HHS to Add Medicare, Medicaid Data to Autism Platform

EMR Industry
  • The Department of Health and Human Services (HHS) is launching an initiative to enhance autism and chronic conditions understanding using data integration.

  • The initiative centralizes vast amounts of personal medical and behavioral data, raising concerns about its potential exploitation and security.

  • Medicare and Medicaid claims data, which includes detailed patient information, forms the backbone of HHS’s new research platform.

  • Claims data, covering a broad population, provides a comprehensive snapshot of a person’s healthcare journey, raising privacy concerns.
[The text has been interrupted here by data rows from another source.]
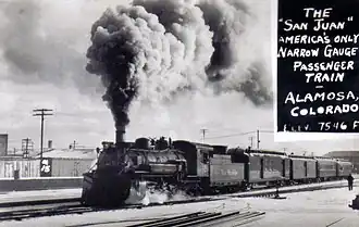 The San Juan Express (also known as simply the San Juan) was a narrow gauge train that ran on the 3 feet (0.91 m) Denver and Rio Grande Western Railroad (D&RGW) route from Durango, Colorado via Chama, New Mexico; Cumbres Pass; and Antonito, Colorado to Alamosa, Colorado. The train ran from February 11, 1937 until January 31, 1951 as train numbers 115 and 116, though towards the end of the passenger service it took on the number 215 and 216.[1]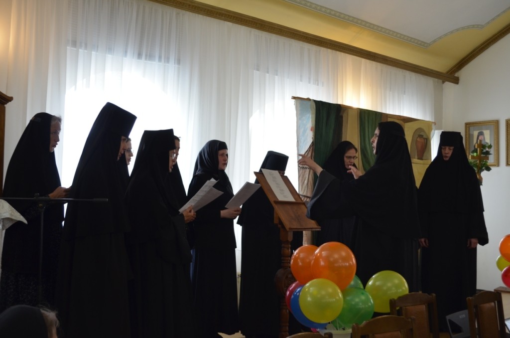 По окончании богослужения все паломники были приглашены на трапезу, во время которой матушку игумению поздравили сестры обители, исполнившие песнопения для всех гостей, и учащиеся Воскресной школы при монастыре, преподнесшие в подарок игумении Ольге спектакль, в основу сюжета которого было положено житие святой равноапостольной княгини Ольги.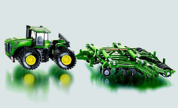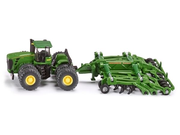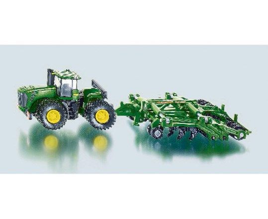 To date, the largest 1:87 scale tractor model: the powerful John Deere 9630 scraper tractor. This is a mighty model, steered by a folding axle in the middle of the machine. In combination with the powerful harrow (Amazone brand), the tractor is supplied on twin wheels. This impressive towing device to small scale is a must for every toy farm. The model combination is mainly of die-cast metal. Both harrow elements of the Amazone Centaur can be folded away for safe road transport.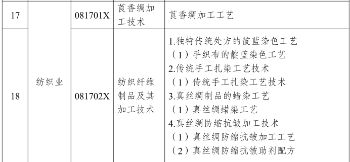 紡織相關(guān)限制出口部分:獨特傳統(tǒng)處方的靛藍(lán)染色工藝:手織布的靛藍(lán)染色工藝,傳統(tǒng)手工扎染工藝技術(shù),真絲綢制品的蠟染工藝,真絲綢防縮抗皺加工技術(shù):(1)真絲綢防縮抗皺加工工藝(2)真絲綢防縮抗皺助劑配方,古代絲織品復(fù)制技術(shù),碳纖維加工技術(shù),用于航天器殼體的纖維增強(qiáng)樹脂基復(fù)合材料生產(chǎn)技術(shù)……(詳見附件)

  • The platform will integrate EHRs, real-time patient-centered documents, potentially turning them into highly detailed medical dossiers for research purposes.

  • Adding wearable data introduces concerns about continuous behavioral data being used for surveillance, potentially without clinical context or oversight.

  • The platform may include private sources like Fitbit or Apple, but participants may not fully understand the scope of data sharing.

  • NIH’s “All of Us” program collects wearable data, indicating that once centralized, data systems tend to expand rather than shrink.

  • The platform will incorporate immutable genomic and lab results, raising concerns about the permanent storage of sensitive genetic data.

  • The U.S. Constitution didn’t envision centralized health data storage; states already run effective surveillance programs with local oversight.

  • Expanding autism research doesn’t require a massive federal system, as existing programs already collect meaningful data with ethical guidelines.

  • A national platform with no clear limits or oversight could create long-term surveillance risks, with potentially unintended consequences.

  • History shows that once surveillance powers are granted, they tend to expand, increasing the risk of data misuse and control.

  • Centralizing genomic and behavioral data raises concerns about creating a surveillance tool for profiling, control, or political purposes.